Exercise inputs:
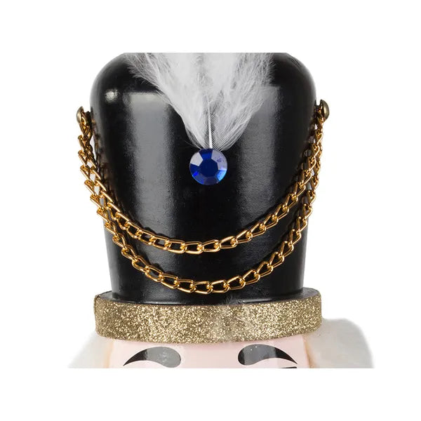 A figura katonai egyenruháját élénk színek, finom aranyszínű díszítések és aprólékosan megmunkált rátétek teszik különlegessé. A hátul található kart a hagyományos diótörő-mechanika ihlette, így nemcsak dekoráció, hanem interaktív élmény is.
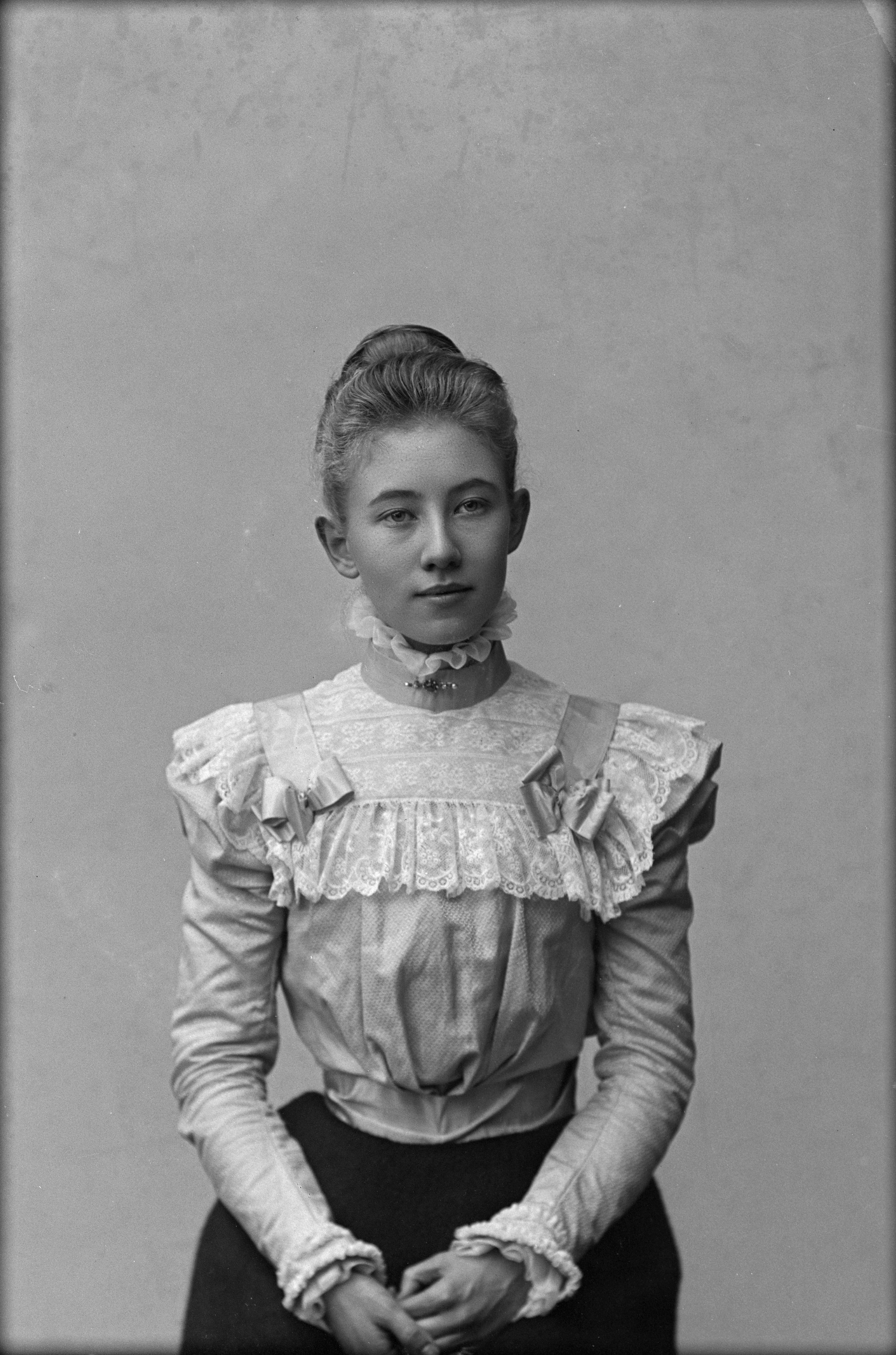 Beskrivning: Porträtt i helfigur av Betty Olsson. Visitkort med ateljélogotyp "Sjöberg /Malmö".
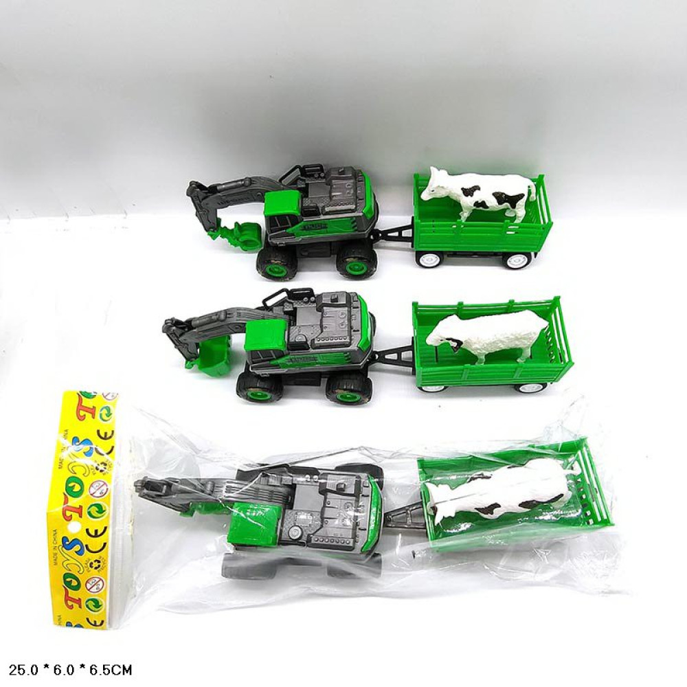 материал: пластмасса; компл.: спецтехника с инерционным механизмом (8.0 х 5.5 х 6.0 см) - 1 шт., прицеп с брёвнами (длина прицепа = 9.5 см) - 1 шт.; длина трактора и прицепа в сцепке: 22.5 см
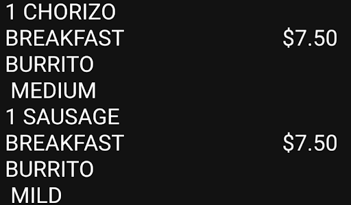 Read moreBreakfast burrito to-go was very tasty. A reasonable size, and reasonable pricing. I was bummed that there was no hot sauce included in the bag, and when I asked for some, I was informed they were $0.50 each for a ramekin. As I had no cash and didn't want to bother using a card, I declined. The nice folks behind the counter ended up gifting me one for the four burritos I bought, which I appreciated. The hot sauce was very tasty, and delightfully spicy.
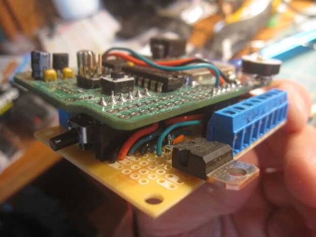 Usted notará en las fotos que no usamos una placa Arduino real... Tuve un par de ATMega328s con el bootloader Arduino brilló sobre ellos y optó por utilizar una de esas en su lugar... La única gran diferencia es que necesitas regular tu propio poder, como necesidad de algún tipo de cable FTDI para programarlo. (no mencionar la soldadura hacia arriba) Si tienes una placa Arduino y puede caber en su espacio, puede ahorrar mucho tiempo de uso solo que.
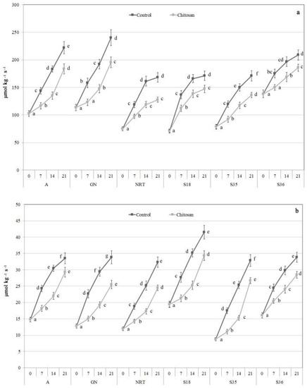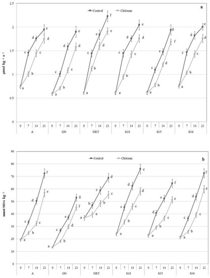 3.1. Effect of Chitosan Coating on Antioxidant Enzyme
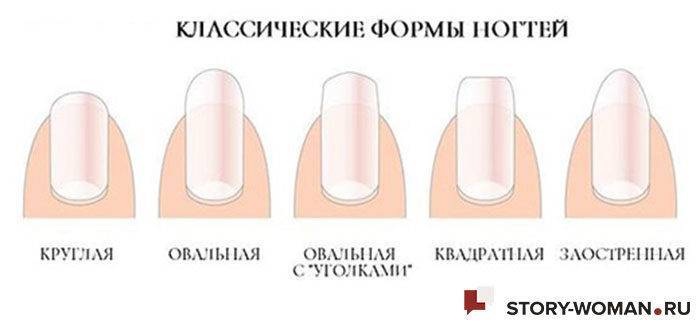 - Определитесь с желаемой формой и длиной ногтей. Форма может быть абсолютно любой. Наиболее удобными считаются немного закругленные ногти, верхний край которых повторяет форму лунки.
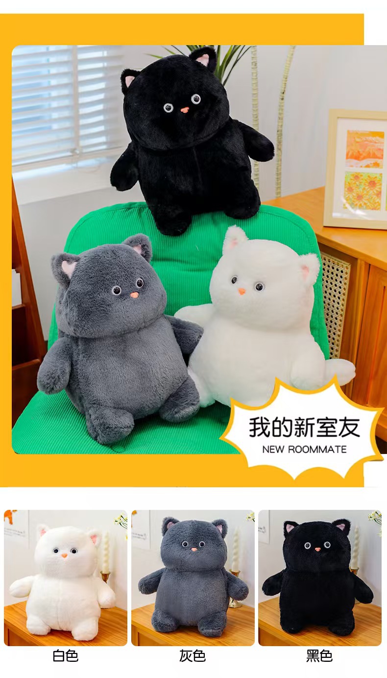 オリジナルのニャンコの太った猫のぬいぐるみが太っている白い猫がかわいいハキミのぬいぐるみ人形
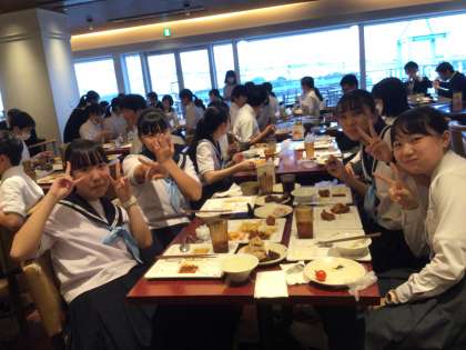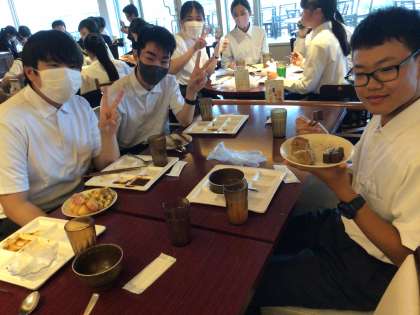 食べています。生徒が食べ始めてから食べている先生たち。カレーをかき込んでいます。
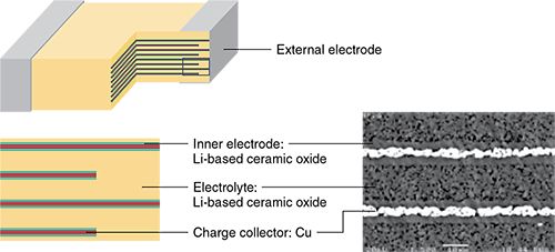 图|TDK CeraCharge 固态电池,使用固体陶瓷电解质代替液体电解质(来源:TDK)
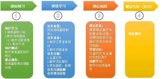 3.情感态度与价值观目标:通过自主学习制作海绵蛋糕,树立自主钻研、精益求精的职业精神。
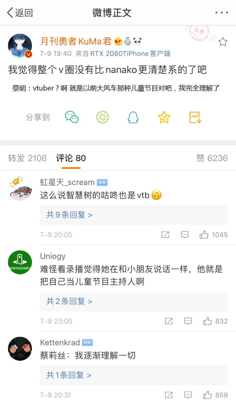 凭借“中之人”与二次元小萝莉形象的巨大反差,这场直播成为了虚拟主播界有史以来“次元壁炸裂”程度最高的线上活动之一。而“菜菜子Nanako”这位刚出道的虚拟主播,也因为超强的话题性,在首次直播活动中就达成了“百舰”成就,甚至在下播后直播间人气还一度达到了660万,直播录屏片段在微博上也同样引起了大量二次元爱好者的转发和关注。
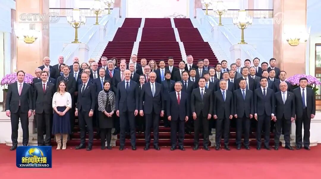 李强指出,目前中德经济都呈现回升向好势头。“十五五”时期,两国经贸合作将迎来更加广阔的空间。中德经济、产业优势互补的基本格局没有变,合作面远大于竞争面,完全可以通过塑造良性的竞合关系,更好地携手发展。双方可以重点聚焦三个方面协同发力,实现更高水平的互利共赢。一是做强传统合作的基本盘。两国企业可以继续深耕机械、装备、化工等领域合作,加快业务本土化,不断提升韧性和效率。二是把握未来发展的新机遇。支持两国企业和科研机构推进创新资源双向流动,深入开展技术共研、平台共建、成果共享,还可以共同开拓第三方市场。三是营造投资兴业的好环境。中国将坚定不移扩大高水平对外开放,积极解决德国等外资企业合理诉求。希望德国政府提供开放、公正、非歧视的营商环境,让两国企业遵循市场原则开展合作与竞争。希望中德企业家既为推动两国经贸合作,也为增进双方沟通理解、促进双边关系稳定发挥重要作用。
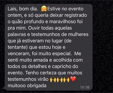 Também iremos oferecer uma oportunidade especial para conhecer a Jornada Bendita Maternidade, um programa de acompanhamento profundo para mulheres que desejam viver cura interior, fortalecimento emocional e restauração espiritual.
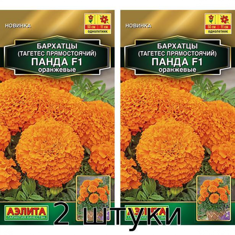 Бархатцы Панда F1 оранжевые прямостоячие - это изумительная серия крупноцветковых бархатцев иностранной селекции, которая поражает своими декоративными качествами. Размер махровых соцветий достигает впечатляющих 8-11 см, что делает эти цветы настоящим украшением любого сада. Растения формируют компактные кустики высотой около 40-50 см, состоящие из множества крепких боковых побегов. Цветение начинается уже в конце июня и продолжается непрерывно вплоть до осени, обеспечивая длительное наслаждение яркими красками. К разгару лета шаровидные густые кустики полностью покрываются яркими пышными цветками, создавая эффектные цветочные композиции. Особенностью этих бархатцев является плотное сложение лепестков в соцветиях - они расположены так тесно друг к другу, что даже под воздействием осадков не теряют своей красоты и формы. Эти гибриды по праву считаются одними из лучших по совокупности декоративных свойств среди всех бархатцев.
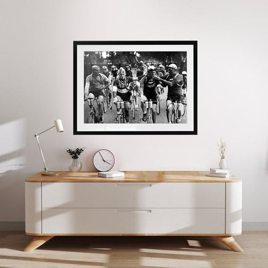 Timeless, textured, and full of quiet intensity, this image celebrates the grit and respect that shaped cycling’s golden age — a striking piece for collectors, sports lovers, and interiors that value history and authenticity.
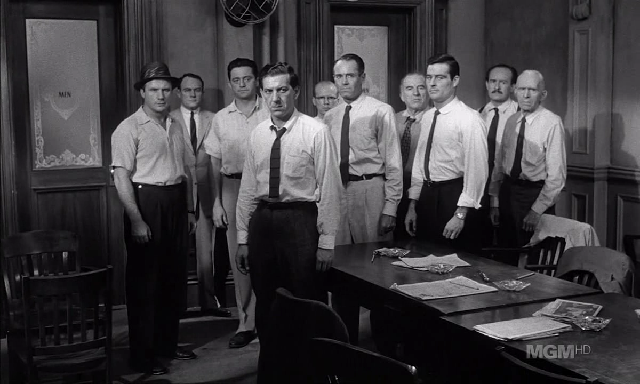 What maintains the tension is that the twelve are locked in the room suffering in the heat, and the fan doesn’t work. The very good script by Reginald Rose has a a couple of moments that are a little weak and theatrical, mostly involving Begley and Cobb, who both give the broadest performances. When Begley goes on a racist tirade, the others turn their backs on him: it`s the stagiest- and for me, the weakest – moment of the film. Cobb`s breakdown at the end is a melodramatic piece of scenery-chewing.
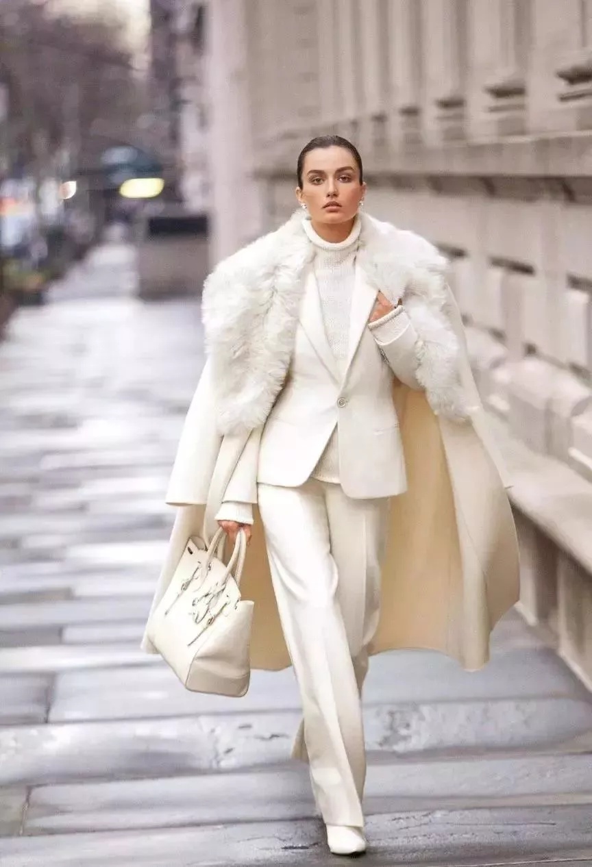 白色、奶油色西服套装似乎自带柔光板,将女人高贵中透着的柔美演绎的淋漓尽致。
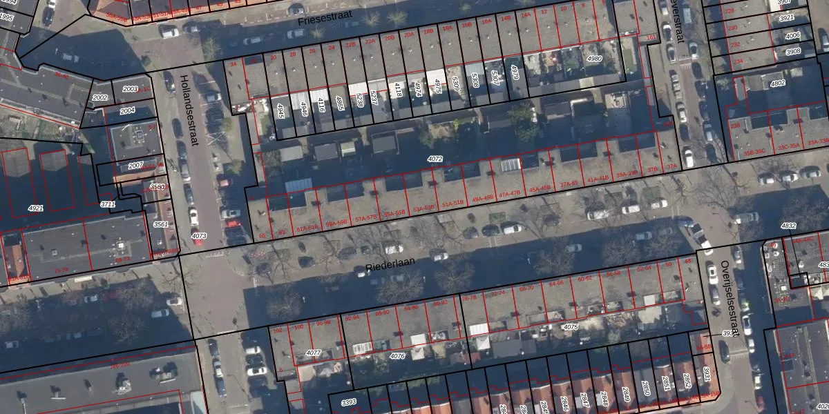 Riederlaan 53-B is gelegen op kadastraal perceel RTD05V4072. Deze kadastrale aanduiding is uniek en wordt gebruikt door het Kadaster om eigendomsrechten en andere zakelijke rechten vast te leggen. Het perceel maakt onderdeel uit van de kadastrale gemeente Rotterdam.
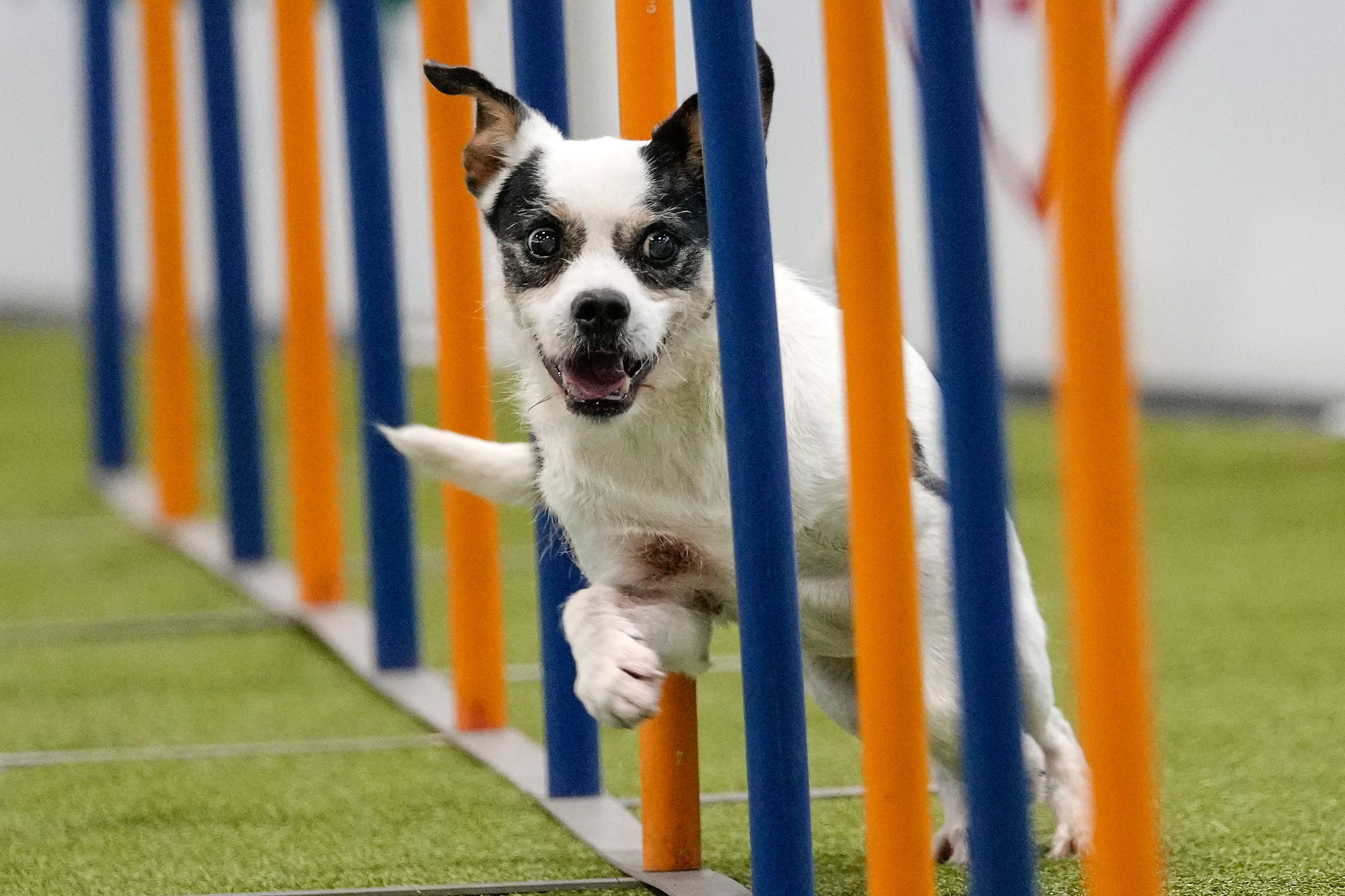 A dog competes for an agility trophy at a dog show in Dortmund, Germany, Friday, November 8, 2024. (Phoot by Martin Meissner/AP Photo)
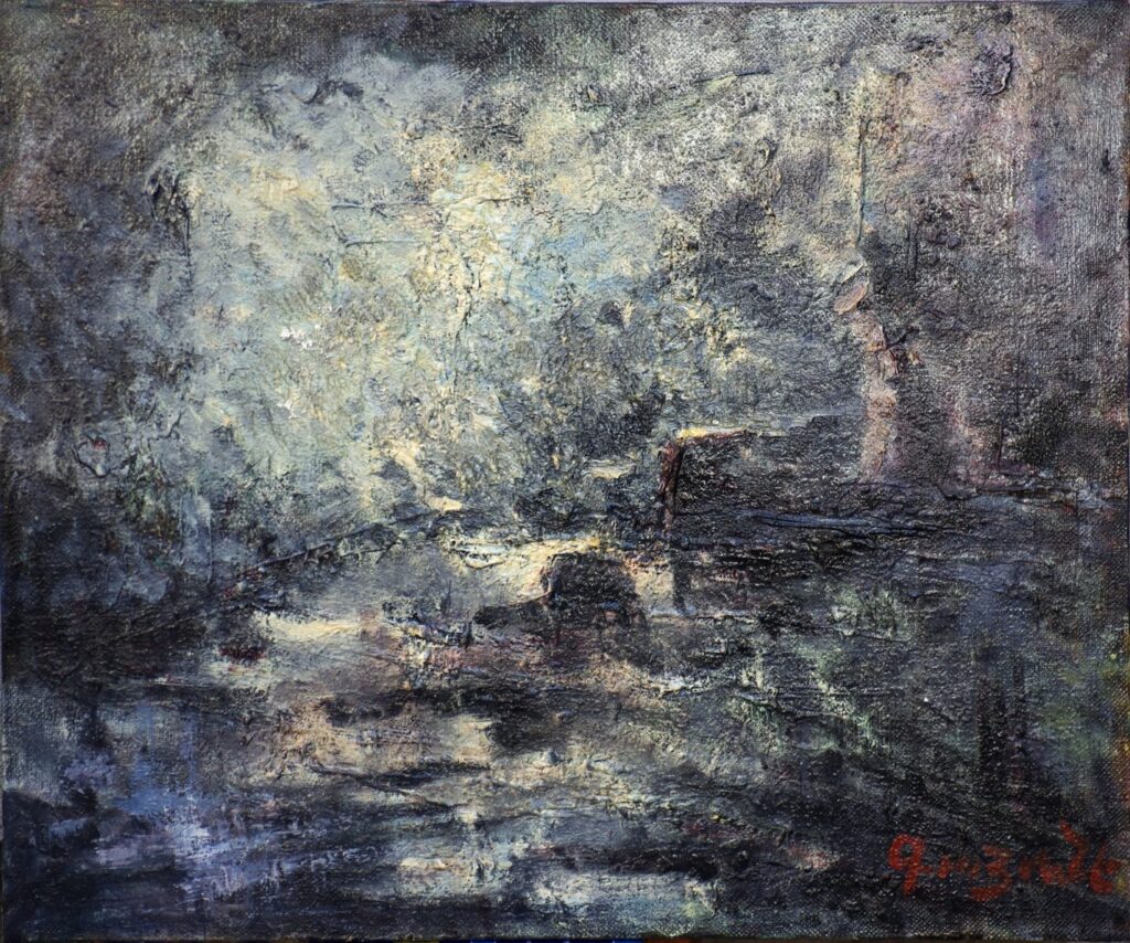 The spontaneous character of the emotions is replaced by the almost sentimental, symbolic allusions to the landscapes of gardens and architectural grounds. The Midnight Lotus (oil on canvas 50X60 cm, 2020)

What you need to do: Give exactly the lines above that run from the line with "Timeless, textured, and" to the line with "白色、奶油色西服套装似乎自带柔光板,将女人高贵中透着的柔美演绎的淋漓尽致。", both included, leaving every picture out.

Task answer:
 Timeless, textured, and full of quiet intensity, this image celebrates the grit and respect that shaped cycling’s golden age — a striking piece for collectors, sports lovers, and interiors that value history and authenticity.
 What maintains the tension is that the twelve are locked in the room suffering in the heat, and the fan doesn’t work. The very good script by Reginald Rose has a a couple of moments that are a little weak and theatrical, mostly involving Begley and Cobb, who both give the broadest performances. When Begley goes on a racist tirade, the others turn their backs on him: it`s the stagiest- and for me, the weakest – moment of the film. Cobb`s breakdown at the end is a melodramatic piece of scenery-chewing.
 白色、奶油色西服套装似乎自带柔光板,将女人高贵中透着的柔美演绎的淋漓尽致。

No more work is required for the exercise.